In the meantime you can try my ollama proxy :) It can be configured to fire up multiple ollama services, then you can also define users with keys to access the service and it balances the loads between the instances of ollama with multiple queues.

@ParisNeo Do you have a link for me please? Also how does that works from an architectur point of view? I guessing sticky-session, so people usng this wont get mixed up and have a english cooking recipe with c++ snippets and german dictionaries in there right?
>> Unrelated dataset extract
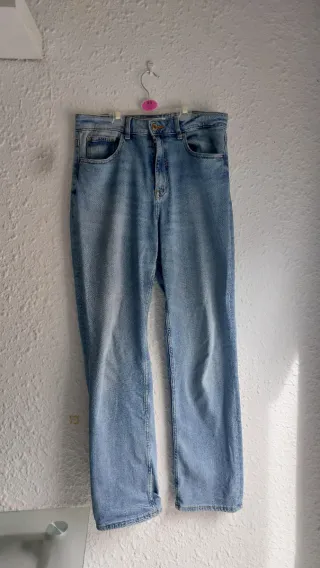Vaqueros ¾ de corte acampanado con un diseño moderno y detalles cuidados. - Tejido vaquero de calidad. - Cinturón de madera incluido. - Costuras en contraste. Pequeño tara atrás ( ver último foto)

Hi, sorry I was very very buzy lately and had no time to look at the github messages.
The proxy server can be found here:
https://github.com/ParisNeo/ollama_proxy_server

It has also an optional security to allow you to have a users base with a personal key for each user.
The architecture is simple:
You specify multiple ollama instances viewable only on the server side each one has a different port number, then the proxy manages both the authentication of the users, the logging of their access, and distribution of the users over multiple queues.
Each queue is behind one instance of ollama and the proxy will always put you in the least filled queue.
So if you run 4 ollama instances, you can simultaniously serve 4 users and the others will be queued.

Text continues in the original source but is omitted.